Tuesday, April 24, 2007
Tevrizian Retires From U.S. Bench for Private Judging and Teaching
By TINA BAY, Staff Writer
Recently retired U.S. District Judge Dickran M. Tevrizian said yesterday that his long-term future plans are to serve as a neutral for JAMS and a professor at the University of Southern California.
It is “time to step aside now and enter the private sector,” the 66-year-old jurist, who left his federal court post at the Central District of California last Thursday after serving there 21 years, told the MetNews.
“I learned that we have the best judicial system in the world, and I was proud to be part of it for so many years,” he said, noting that his 31 years as a judge—including his tenure on the Los Angeles Superior Court from 1978 to 1982 and municipal court from 1972 to 1978—was “sufficient time for public service.”
He has enjoyed his experience on the bench, Tevrizian, who is the first Armenian American ever to have served as a federal judge, added.
JAMS President and CEO Steve Price said in a statement yesterday that his company was “thrilled” to welcome the former federal bench officer to its panel of mediators and arbitrators.
“He is highly respected and well known for his exceptional skill in resolving the most difficult cases,” Price remarked.
In addition to handling matters for the nation’s largest alternate dispute resolution provider, Tevrizian said he plans to teach at USC, where he earned both his law and undergraduate finance and accounting degrees. He will most likely take on a business law class at its business school and a trial practice course in its law school, he said, noting the university has offered him both a professorship as well as the Judge Robert Widney chair.
Tevrizian, at age 31, was appointed to the federal bench in 1985 by then-president Ronald Reagan, who had also named him to the Los Angeles Municipal Court while Reagan was governor of California. He was named to the Superior Court by then-Gov. Jerry Brown.
As a district judge, Tevrizian presided over many notable cases, including the recent case of two men with Russian mafia ties who were convicted and sentenced to death for running a kidnapping-for-ransom scheme that resulted in the deaths of five Los Angeles residents. The victims’ bodies were discovered by authorities in a Northern California reservoir.
Amy Powell, Tevrizian’s former law clerk for 10 years, said that in addition to handling many complex cases, the judge was also “known for a being a great mediator.”
“Other judges and attorneys would seek him to settle their cases,” she said, describing his willingness to offer help and his success in achieving settlements for both the court and for lawyers.
According to JAMS, he resolved approximately 10,000 cases while serving on the bench, and participated in negotiations for hundreds of cases involving a wide variety of issues, including business, entertainment, environment law, intellectual property, personal injury and professional liability.
Before Tevrizian was named the federal bench, he worked for one year as of counsel to Lewis, D’Amato, Brisbois & Bisgaard in Los Angeles. From 1982 until 1985, he was a partner in the local office of what was then Manatt Phelps Rothenberg & Tunney.
Prior to his state court appointments, Tevrizian worked in Kirtland & Packard’s Los Angeles office beginning in 1966, when he was admitted to the State Bar.
Tevrizian was born and raised in Los Angeles, graduating from what were then known as Wilton Place Grammar School and John Burroughs Middle School, and then Los Angeles High School.
Tevrizian has received numerous awards and honors for his work while on the judiciary, such as the Los Angeles County Bar Association’s 2005 Emil Gumpert Award for promoting ADR and the 2002 Maynard Toll Award for service to the underprivileged from the Legal Aid Foundation of Los Angeles.
He also received the 1994-1995 Trial Jurist of the Year Award from the Los Angeles County Bar Association and the 1987 Trial Judge of the Year Award from the California Trial Lawyers Association.
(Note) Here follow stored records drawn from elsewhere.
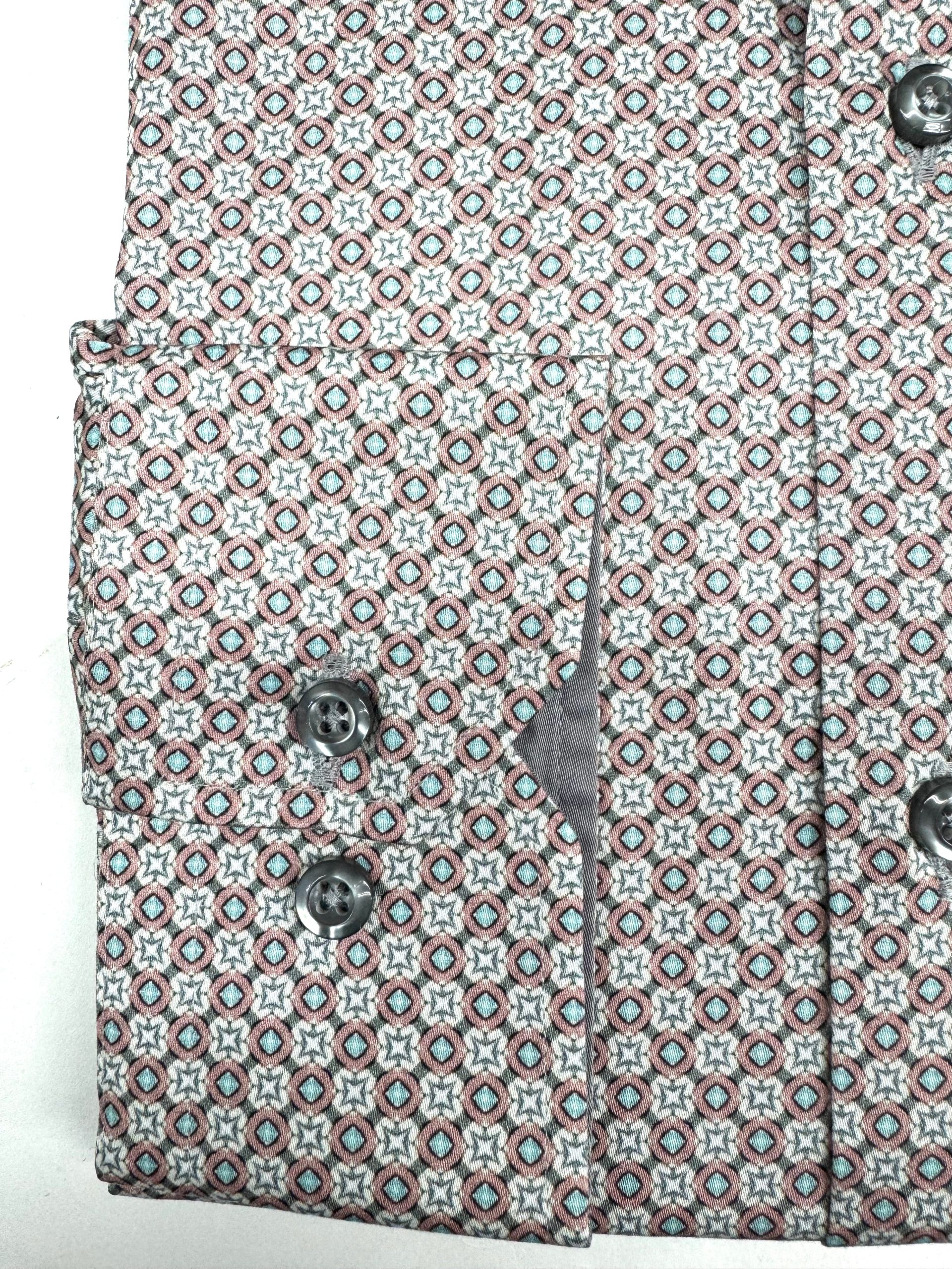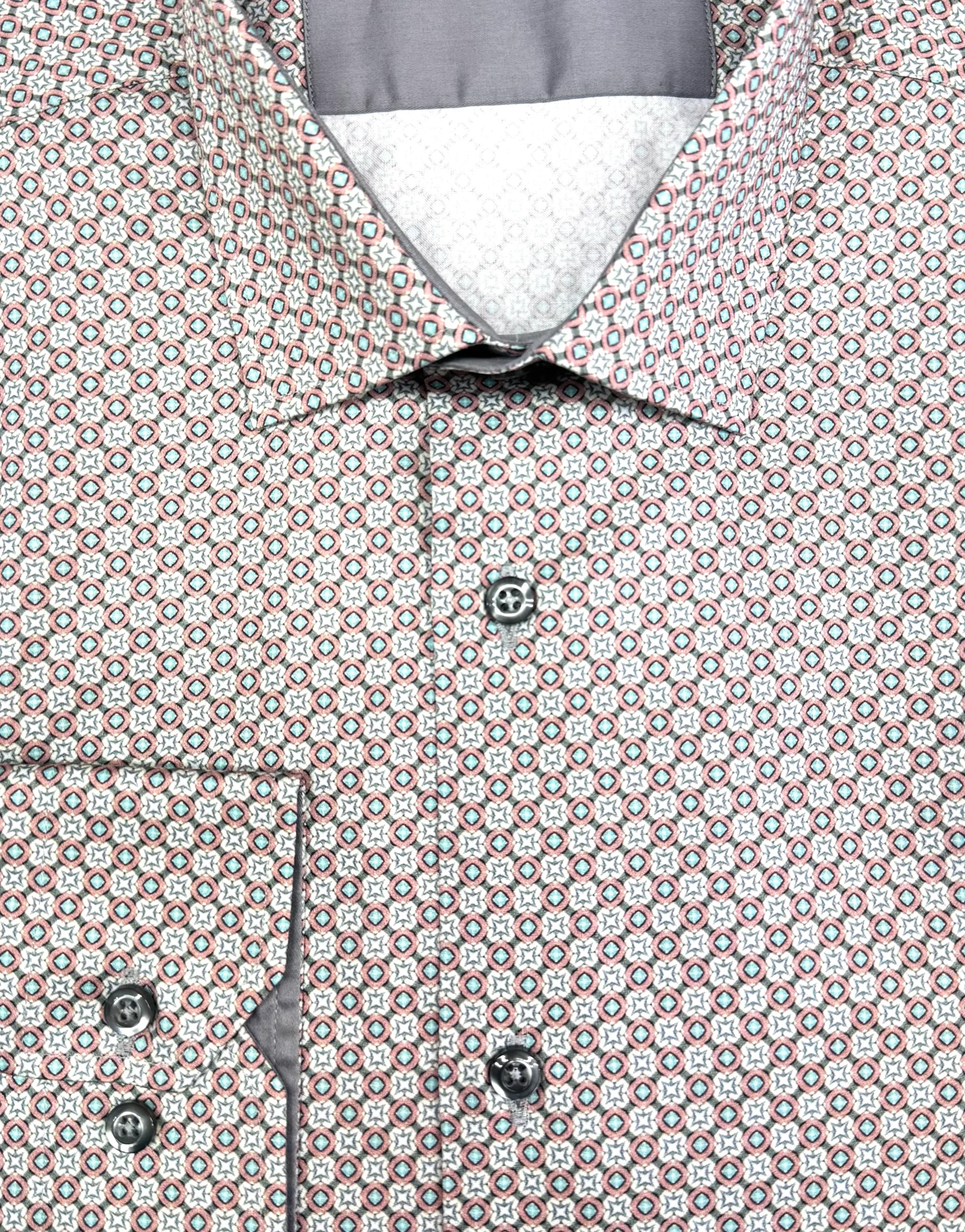 Cette chemise imprimée est en manches longues avec des poignets simples et réglables avec deux boutons.
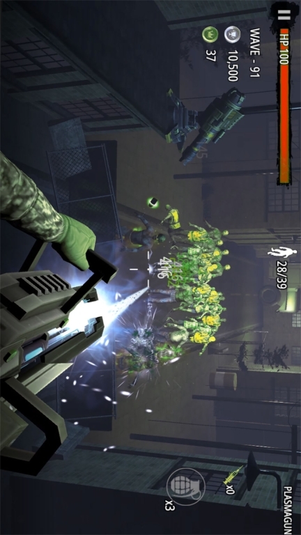 2、面对对你紧追不舍的僵尸军团,选择与它们正面交锋,用疯狂的扫射给予毫不留情的打击。
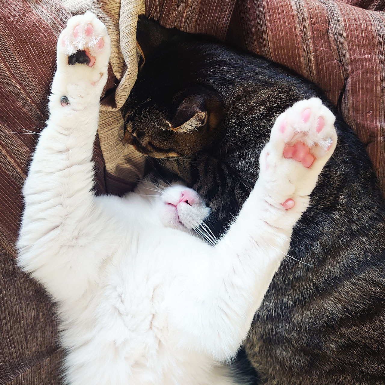 ごん太とヨリは仲良しではないけどお互い特別怖がったりはしないしもちおとごん太は仲良しなので出来れば3匹仲良くして欲しい…と常々思っていたのですが、最近ヨリともちおが軽めですが追いかけっこするようになりました。逃げ回ってたもちおが逆にヨリを追いかけたり。取っ組み合うとかじゃなく軽く追いかけたり追いかけ合ったりしてて特にヨリがとても楽しそうで嬉しいです。
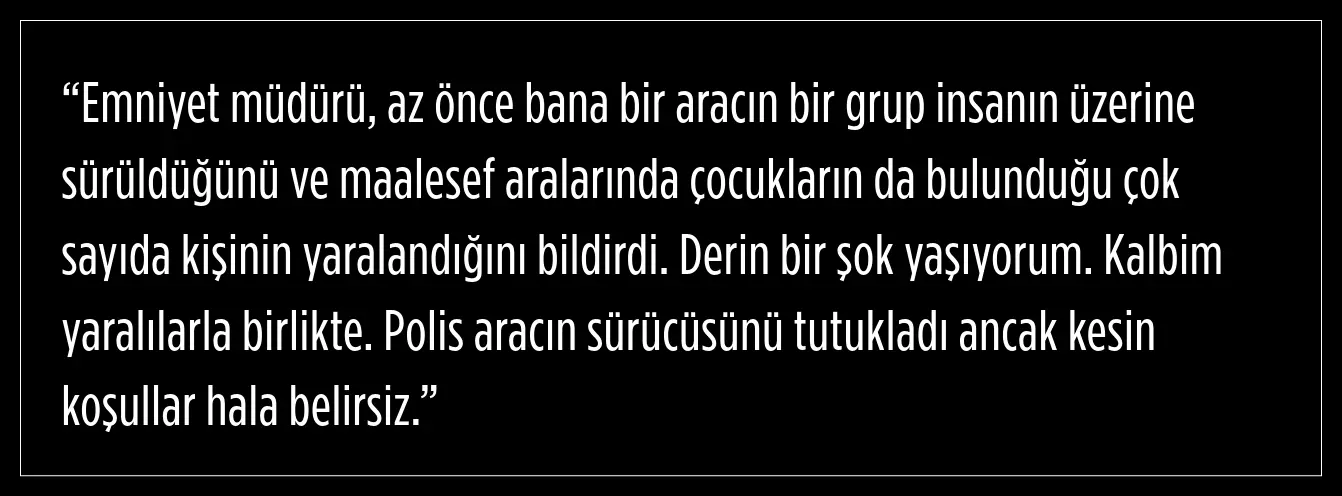 Olayın ardından polis ekipleri, bölgede geniş güvenlik önlemleri aldı. Acil durum ekipleri, yaralılara ilk müdahaleyi yaparken, hastanelere sevk edilen bazı kişilerin durumlarının ciddi olduğu bildirildi. Yetkililer, olayın nedenine dair kesin bilgilerin henüz belirlenmediğini ve sürücünün sorguya alındığını açıkladı.
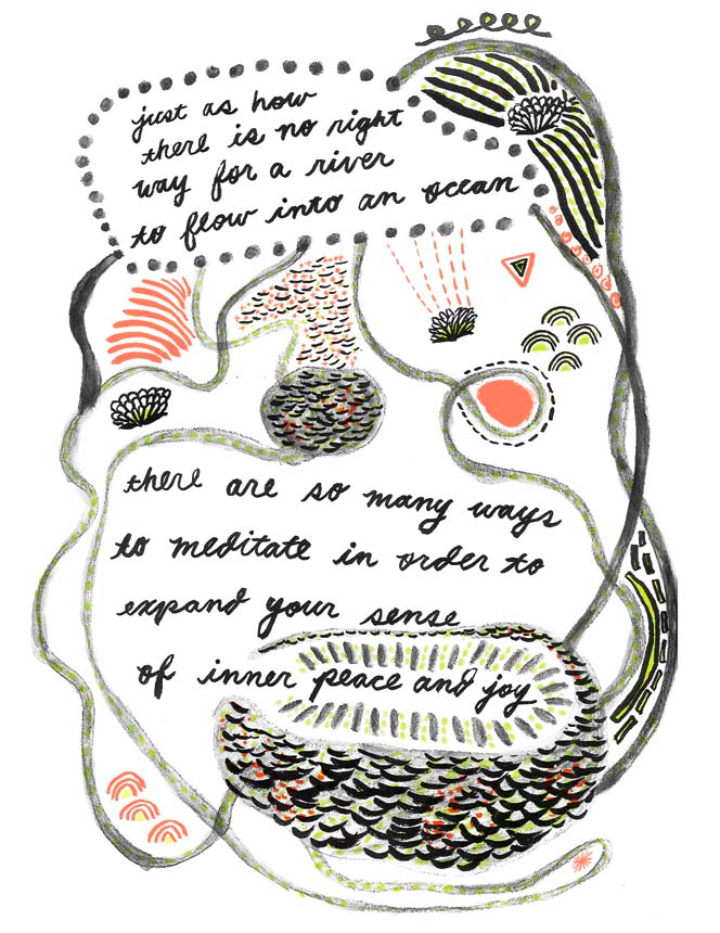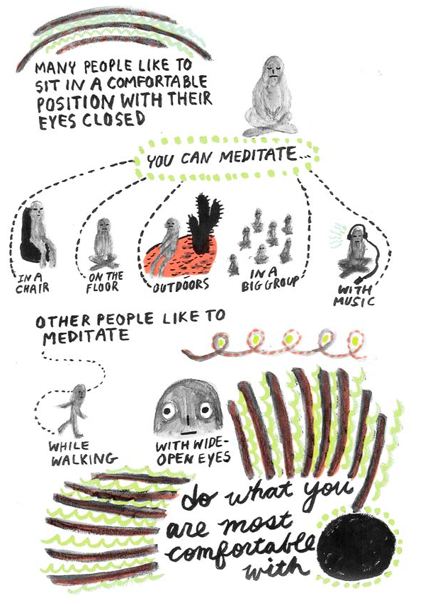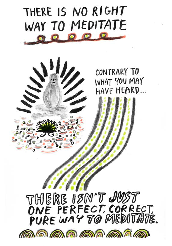 (All images excerpted from There is No Right Way to Meditate Copyright © 2015 by Yumi Sakugawa and published by F+W Media, Inc. Used by permission of the publisher. All rights reserved. Illustrations by Yumi Sakugawa.)
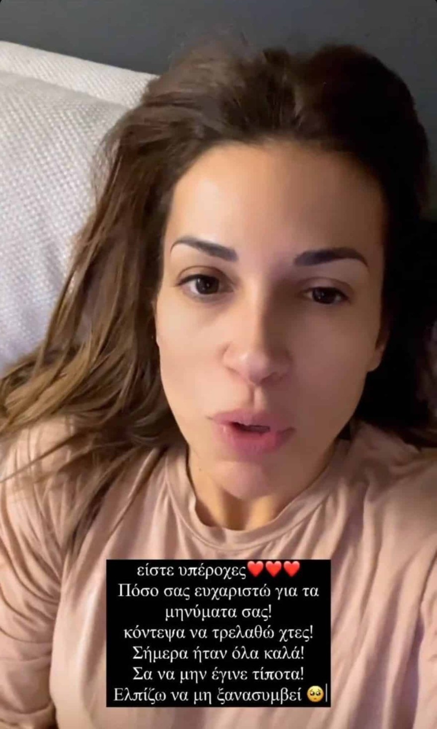 «Είστε υπέροχες. Πόσο σας ευχαριστώ για τα μηνύματά σας! Κόντεψα να τρελαθώ χθες! Σήμερα ήταν όλα καλά! Σαν να μην έγινε τίποτα! Ελπίζω να μην ξανασυμβεί!».
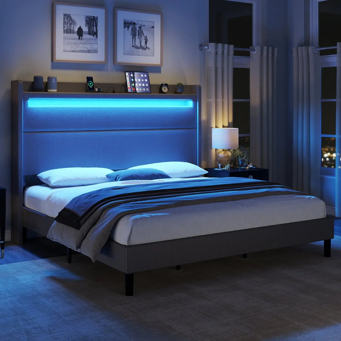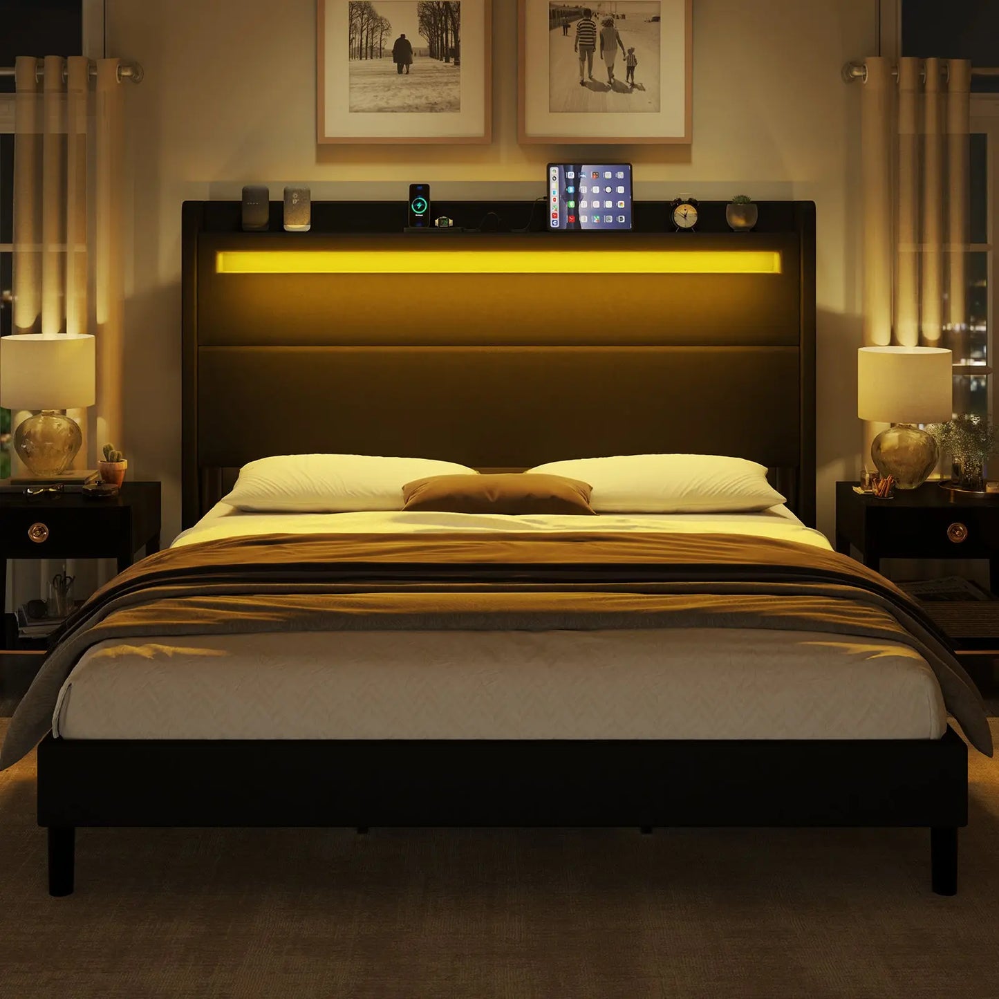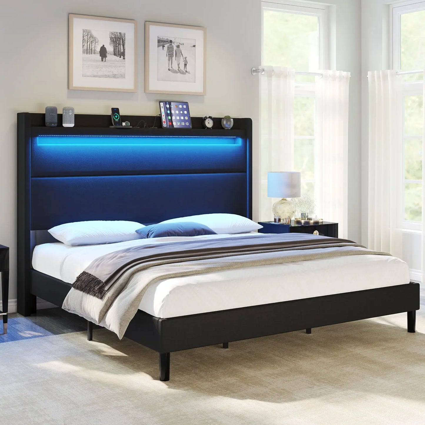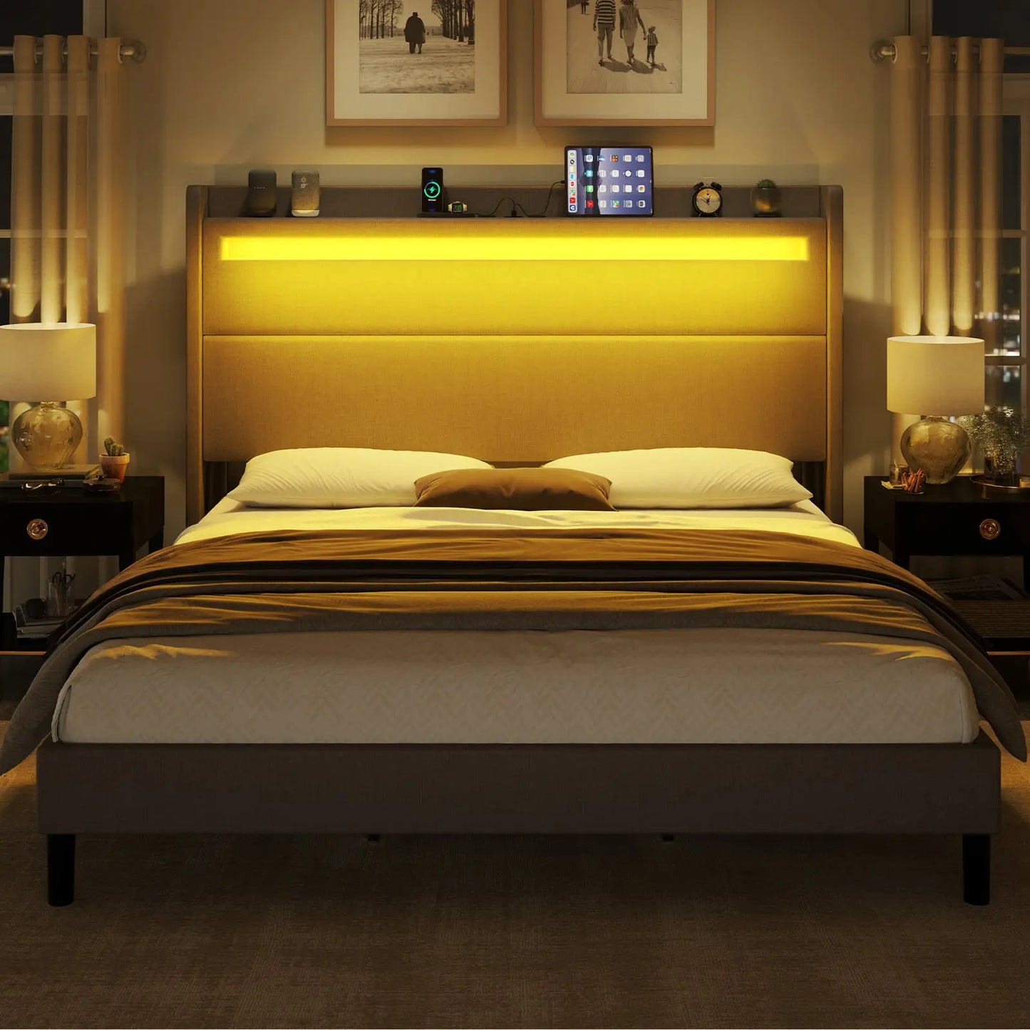 Modern style bed frame with charging station. UL and ETL Certified USB & USB-C charging ports, delivering a reliable voltage of 5V/2A to ensure efficient charging.
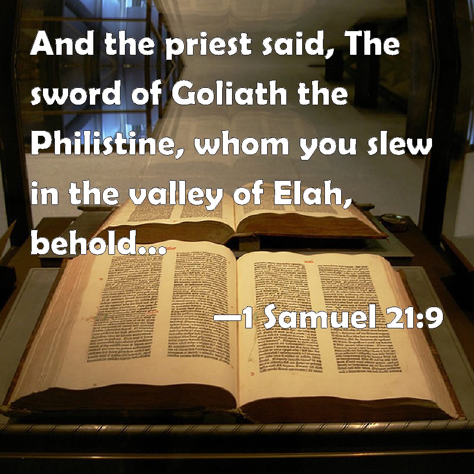 Choose a Background 1 Samuel 21:9 And the priest said, The sword of Goliath the Philistine, whom you slew in the valley of Elah, behold, it is here wrapped in a cloth behind the ephod: if you will take that, take it: for there is no other save that here. And David said, There is none like that; give it me. KJV: And the priest said, The sword of Goliath the Philistine, whom thou slewest in the valley of Elah, behold, it is here wrapped in a cloth behind the ephod: if thou wilt take that, take it: for there is no other save that here. And David said, There is none like that; give it me. DRB: And the priest said: Lo, here is the sword of Goliath the Philistine whom thou slewest in the valley of Terebinth, wrapped up in a cloth behind the ephod: if thou wilt take this, take it, for here is no other but this. And David said: There is none like that, give it me. DBT: And the priest said, The sword of Goliath the Philistine, whom thou slewest in the valley of terebinths, behold, it is here wrapped in a cloth behind the ephod; if thou wilt take that, take it; for there is no other save that here. And David said, There is none like that: give it me. ERV: And the priest said, The sword of Goliath the Philistine, whom thou slowest in the vale of Elah, behold, it is here wrapped in a cloth behind the ephod: if thou wilt take that, take it: for there is no other save that here. And David said, There is none like that; give it me. WBT: And the priest said, The sword of Goliath the Philistine, whom thou slewest in the valley of Elah, behold, it is here wrapped in a cloth behind the ephod: if thou wilt take that, take it: for there is no other save that here. And David said, There is none like that; give it to me. WEB: The priest said, "The sword of Goliath the Philistine, whom you killed in the valley of Elah, behold, it is here wrapped in a cloth behind the ephod. If you will take that, take it; for there is no other except that here." David said, "There is none like that. Give it to me." YLT: And the priest saith, 'The sword of Goliath the Philistine, whom thou didst smite in the valley of Elah, lo, it is wrapped in a garment behind the ephod, if it thou dost take to thyself, take; for there is none other save it in this place.' And David saith, 'There is none like it — give it to me.'Links 1 Samuel 21:9 NIV • 1 Samuel 21:9 NLT • 1 Samuel 21:9 ESV • 1 Samuel 21:9 NASB • 1 Samuel 21:9 KJV • 1 Samuel 21:9 Interlinear • 1 Samuel 21:9 Commentaries • 1 Samuel 21:9 Parallel Texts • 1 Samuel 21:9 Bible Apps • 1 Samuel 21:9 Parallel • Bible Hub |
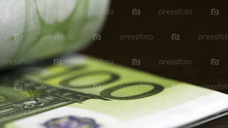 Стоевровые банкноты в ближайшем плане. Евробанкноты считаются на черном фоне. Евробанкноты падают на деревянный стол. Понятие денег
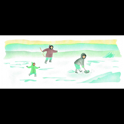 The title, and the meaning of my drawing is this; Back when we were children, we were born into a world of hunting, because this is how our parents survived. Even children without supervision can hunt younger seals. Our hunting helps us to live and be healthy. These young people are happy in their lives.
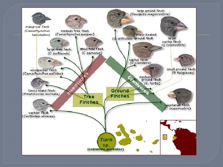 Darwin’s Findings �The Galapagos Islands – The Finches • Darwin observed and collected many birds that were different on each island • He discovered that these birds were all finches • He noticed that each type was well suited to its own specific environment

Among his community activities, Tevrizian currently serves on the Board of Directors of the Armenian General Benevolent Union, which promotes Armenian heritage around the world, as well as the Glendale Memorial Hospital Foundation and UCLA School of Public Policy. He has also served on the boards of the Good Shepherd Home for homeless women, Los Angeles High School, QueensCare Health Foundation, and the Armenian Eye Care Project.
In a previous MetNews interview, Tevrizian, whose daughter is a physician, said he was most proud of his involvement in efforts to help provide quality medical care to the working poor.